Зато я представлял. За последние несколько недель я многому научился. После женитьбы я попал в совершенно другой мир. И он был вовсе не таким, каким казался со стороны. До сих пор для меня верхом богатства были два выигрыша подряд на скачках, которые я тратил не задумываясь, кутил, что называется, на всю катушку. Невежество, конечно. Невежество класса, к которому я принадлежал. Для Элли же существовали совсем иные стандарты. Совсем не такие, какие я воображал. Я-то считал, что основная цель богачей — иметь как можно больше предметов сверхроскоши. Но нет, они не состязались в том, чьи дома окажутся более фешенебельными, с огромным количеством светильников, с бассейнами вместо ванн, у кого лучше еда и шикарнее машины. И тратили они деньги не ради того, чтобы вызвать зависть у окружающих. Наоборот, их образ жизни был до удивления скромным — он отличался той умеренностью, какая появляется, когда перестаешь бессмысленно сорить деньгами. Человек не может пользоваться одновременно тремя яхтами или четырьмя машинами, не может есть более трех раз в день, а если покупает по-настоящему дорогую картину, вторая такая ему, возможно, совсем ни к чему. Вот так все просто. Все, что ему принадлежит, обычно самого высокого качества, но это не самоцель, а только разумный подход: если ему уж чего-то хочется, почему не выбрать лучшее? Ведь в его обиходе не существует: «Боюсь, что не могу себе этого позволить». И при всем при том вот такая удивительная, непостижимая скромность. Как-то решили мы купить картину какого-то французского импрессиониста, по-моему Сезанна[20]. Мне пришлось порядком напрячь мозги, чтобы запомнить его фамилию. Вечно путаю со словом «Сезам»[21]. И вот, когда мы гуляли по улицам Венеции, Элли остановилась посмотреть работы уличных художников. В основном они писали картины специально для туристов — стереотипные портреты красавиц с белозубыми улыбками и светлыми волосами до плеч.
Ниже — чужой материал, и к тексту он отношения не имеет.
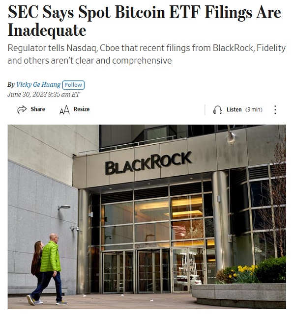 知情人士说,SEC告知代表贝莱德(BlackRock)和富达投资(Fidelity Investments)等资产管理公司提交申请的纳斯达克和芝加哥期权交易所(Cboe),这些申请不够清晰和全面。
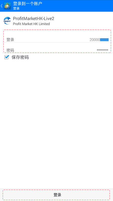 2.选择“登录一个已有账户”,搜索输入框内输入汇富宝的服务器“ProfitMarketHK-Live2”, 如图所示。
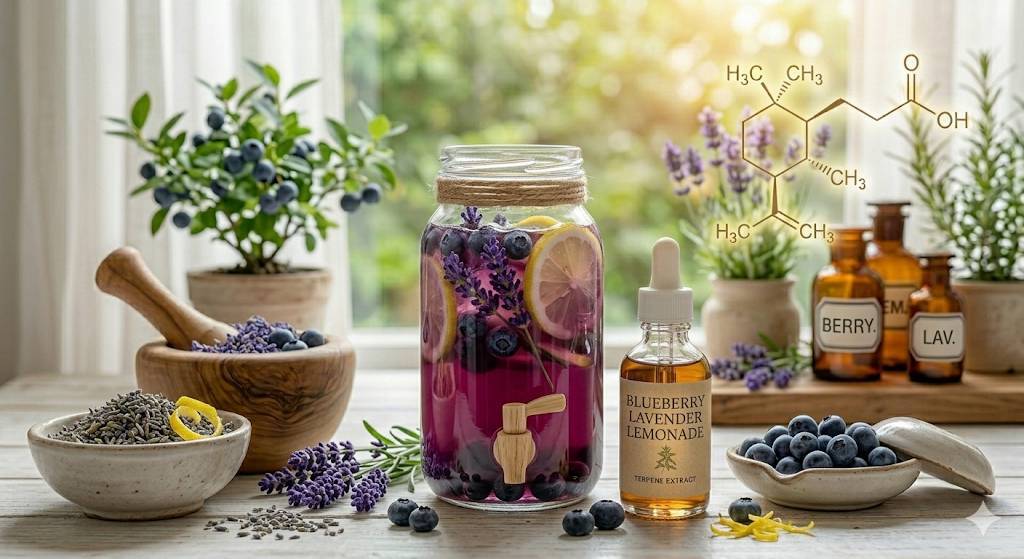 完熟ブルーベリーの甘酸っぱさ、気品あるラベンダーの芳香、そしてレモネードの爽快なキレ。「ブルーベリーラベンダーレモネード」は、心躍るフルーツの恵みと、深い安らぎが見事に調和した特別なプロファイルです。一口(一嗅ぎ)で、心華やぐ特別な休日へとあなたを誘います。
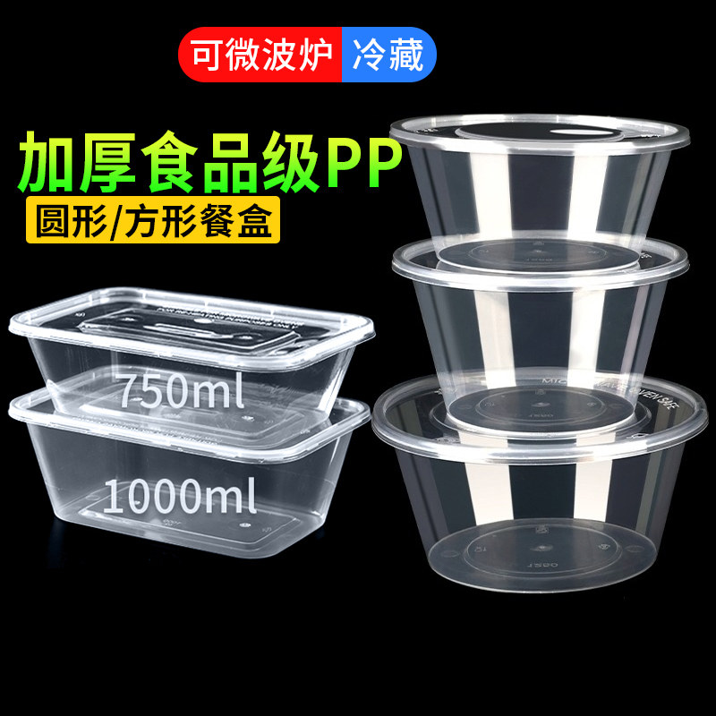 一次性饭盒加厚打包盒长方形圆形碗塑料餐盒外卖快餐带盖批发密封
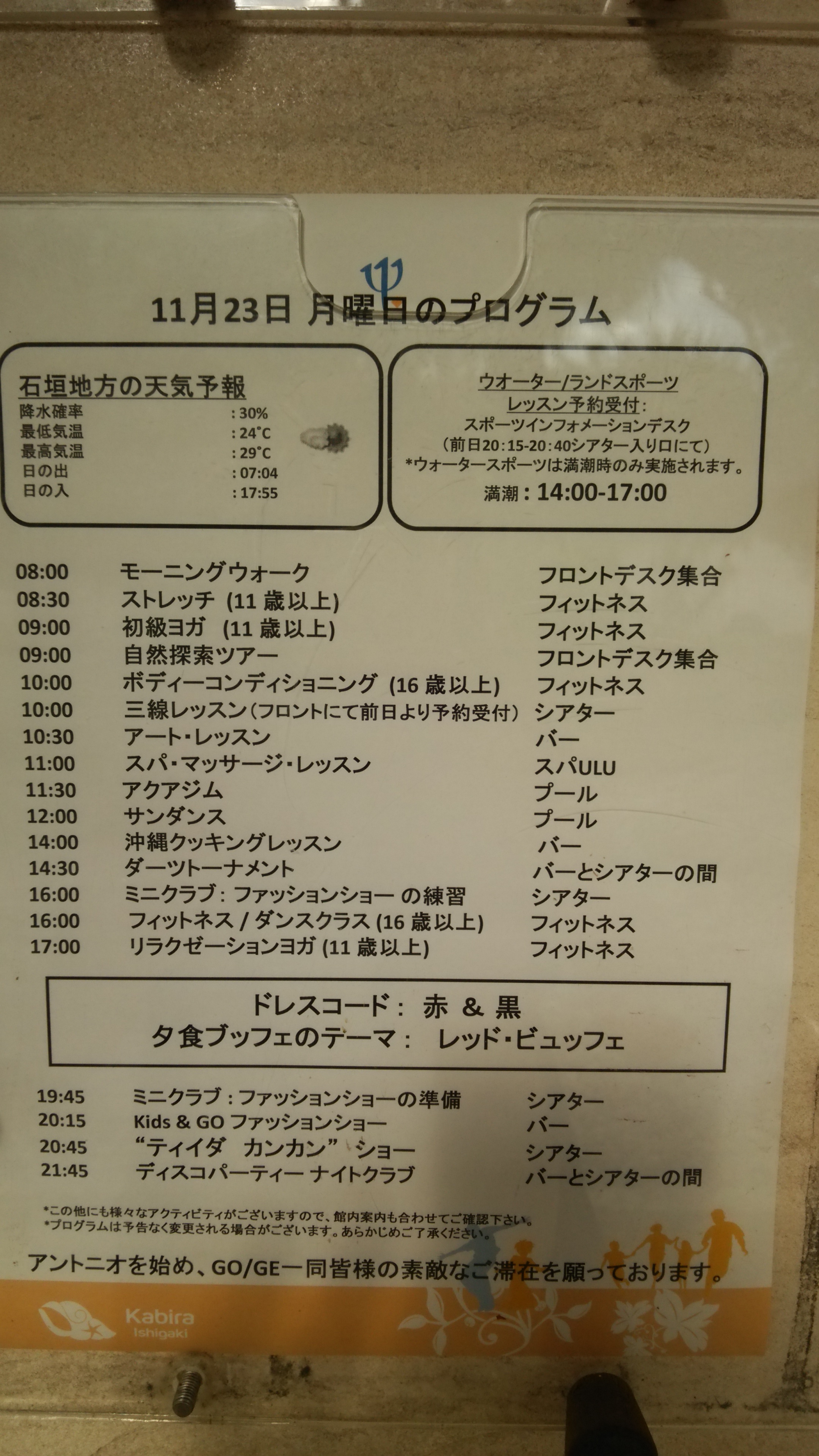 全日空で行った石垣島 その3クラブメッド石垣島 沖縄 2015年12月15日 0 11月というシーズンオフの時期、船に弱い母とシュノーケリングがしたい父、ビーチでのんびりしたい相方、島めぐりは竹富島だけにして、今回はクラブメッド石垣島カビラビーチに滞在することにしました。クラブメッド石垣島クラブメッドに泊まるのは初めてだったので義父母に喜んでもらえるか不安なまま、チェックイン。滞在中の説明は日本人の方がしてくれました。その際クラブメッドの公用語は英語で日本語で話したかったら名札に日本語のマークがある人を探してください、と言われました。そこで両親は、日本のホテルなのに!と少し気分を害した様子。システムもややこしくて楽しめそうにないと不安そうでした。2日間の滞在の中、豊富なビュッフェでの食事、リラックスできるバー、美しすぎるビーチでのシュノーケリングや、勉強になった自然探索ツアーなどを経験して、帰るころにはまた来たいね、と言ってくれて安心しました。不安だった言葉も、日本語のマークがついていないスタッフも片言の日本語で十分コミュニケーションを取ることができたので不自由は全くありませんでした。11月の終わりでビーチで泳ぐならウェットスーツを借りないと無理かと思いましたが、天気も良く日中は30度くらいまであがり水温も高く水着+ラッシュガードで気持ちよく泳ぐことができました。この日は午前中が干潮なので午後から泳ぎました。足がつくところでも魚がたくさんいて、感激しました。 1日目16時頃チェックイン 館内散策 バーでビール 18:30 夕食 席は相席ではなく4人席を希望しました。 バーでリラックス 20:15 シュノーケルツアーの予約 20:45 劇場でメインショー2日目 7:30 朝食 9:00 自然探索ツアー参加 11:30 バーで休憩 12:00 昼食 13:00 ビーチでリラックス タオルはタオルカードと引き換えにフロントで借りることができます。(12:00〜14:00はビーチハウスはクローズしシュノーケルグッズやライフジャケットを借りることができません) 14:20 シュノーケリングボートトリップ 私と母はビーチでシュノーケリング、相方と父(75歳)はツアーに参加 17:00 プールサイドでリラックス 18:30 売店で買い物直接現金で買うことができないので、フロントでショッピングカードをつくらないといけません。 19:00 夕食 19:30 バーでリラックス3日目 8:30 朝食 10:00 チェックアウト チェックアウト後もお昼を食べることができるようですが、飛行機の時間もあり断念。 滞在中は国別のリボンを腕に巻きます。 アクティビティーは張り紙でチェック夕食のドレスコードはあまり気にしなくていい感じでした。GO(従業員)の方々は色々な国のクラブメッドに転勤になるようなので、どこの国に行っても片言でも日本語を話すスタッフが多そうなので、海外でも安心できると感じました。 賛否両論があるホテルですが、私はまたぜひ行ってみたいと思いました。あと20歳若ければGOとして働きたいくらいです。 [0回]
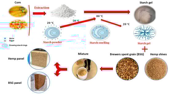 Overview of the manufacturing process for biocomposite building materials using Brewers’ Spent Grains and hemp shives, with gelatinized starch as a binder.
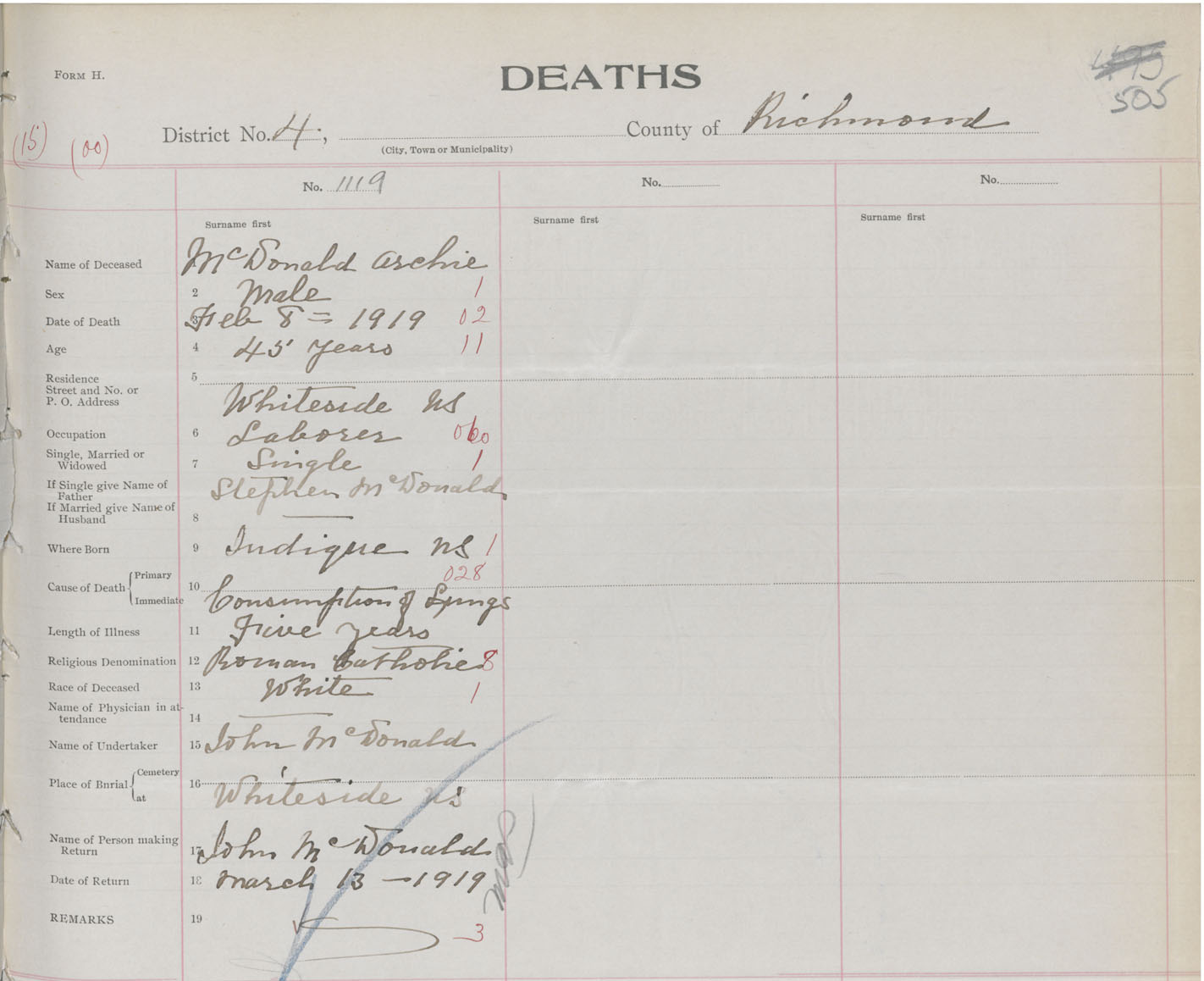 Male Death Registration: Year: 1918 book: 47 page: 505 number: 1119

Там Элли купила крошечную картинку с видом на канал. Художник сразу понял, что мы собой представляем, и запросил с Элли шесть английских фунтов. Самое забавное заключалось в том, что Элли хотелось иметь эту шестифунтовую картинку не меньше, чем Сезанна.
Нечто подобное произошло однажды и в Париже.
— Хорошо бы купить свежий батон, — вдруг ни с того ни с сего сказала она, — и съесть его с маслом и сыром, который продают завернутым в виноградные листья.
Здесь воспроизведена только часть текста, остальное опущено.